「Gクラス」初のBEVは「EQG」の名ではなく「G580 with EQ Technology」として登場した(筆者撮影)
当記事は「東洋経済ONLINE」の提供記事です。元記事はこちら。 360度旋回「Gターン」が話題の、メルセデス・ベンツ「G580 with EQ Technology」(以下G580)。4輪それぞれに駆動モーターがあるBEV(バッテリー駆動の電気自動車)であるため、停止位置を中心にその場で旋回できる仕組みだ。
そんな飛び道具の存在が目立つG580を他の「Gクラス」各モデルとじっくり乗り比べてみると、G580の走り味にはこれまでのBEVの常識を覆すような“すごみ”があった。
試乗の舞台は、オフロードとオンロードの大きく2つ。オフロードではディーゼルエンジンを搭載する「G450d Launch Edition」(同G450d)、オンロードではガソリンエンジンの「AMG G63 Launch Edition」(同AMG G63)と比較した。
重さを感じずソフトな乗り味
オフロードでの結論から言ってしまうと、G580は「実にソフトな乗り心地」であった。G580もG450dも、数字上のオフロード性能は似ている。

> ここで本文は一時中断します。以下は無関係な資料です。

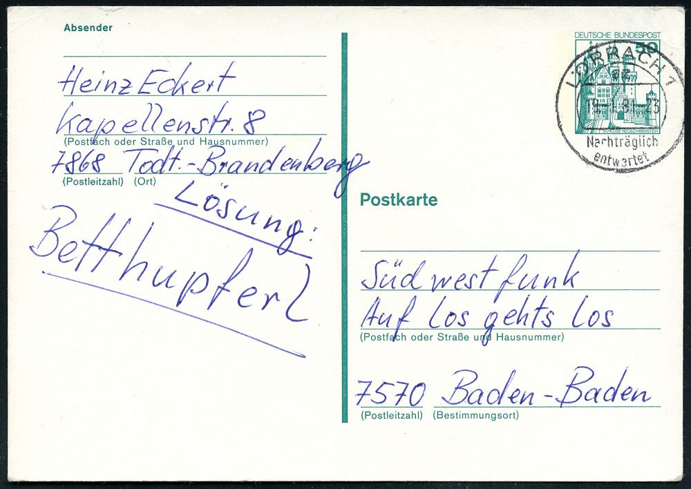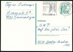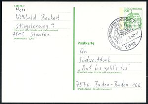 5812 | 8 € | POSTLEITRAUM 7800 (OHNE FREIBURG) : 7868 Todtnau 1986 PU 80 Pf. Burgen, oliv: STANDORT FAHL, 25 JAHRE.. (Eichenlaub, Wappen etc.) ungebr. (Mi.PU 117) | ![]() | |
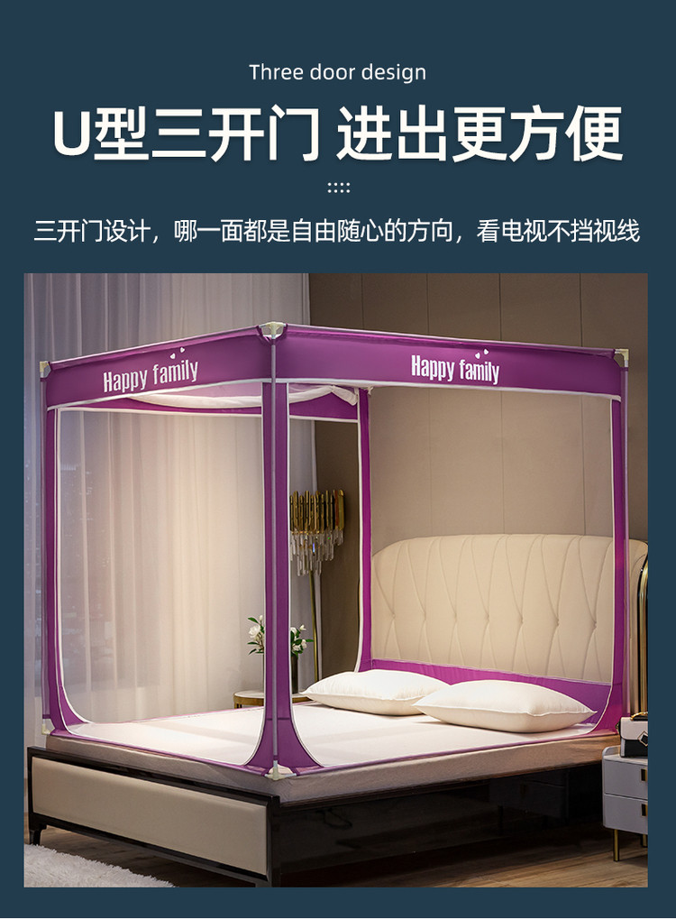 兆星 2023新款外穿三开门方顶坐床蚊帐 高贵紫

たとえば、最大登坂性能はともに45度、アプローチアングル/デパーチャーアングルはG580が32度/30.7度で、G450dが31.2度/30.5度といった具合だ。また、最低地上高はG580が250mmに対して、G450dは230mmである。
見た目はこれまでのGクラスとほとんど変わらない(筆者撮影)
最初に乗ったのはディーゼルエンジンのG450dで、エンジンの静粛性の高さに驚いた。アイドリングから走り出しまで、ディーゼルエンジンであることを忘れてしまうほど、エンジンからの音と振動が少ない。
急斜面ではフロント/センター/リアの各デフロックを作動させて挑んだ。また、路面にある大きなコブを越えたり、傾斜角度が20度を超えるバンクコーナーなどがある林道を走ったりもしたが、総じて従来の“Gらしさ”であるガッチリしたハンドリングと乗り心地が、さらに洗練されて扱いやすい印象を受けた。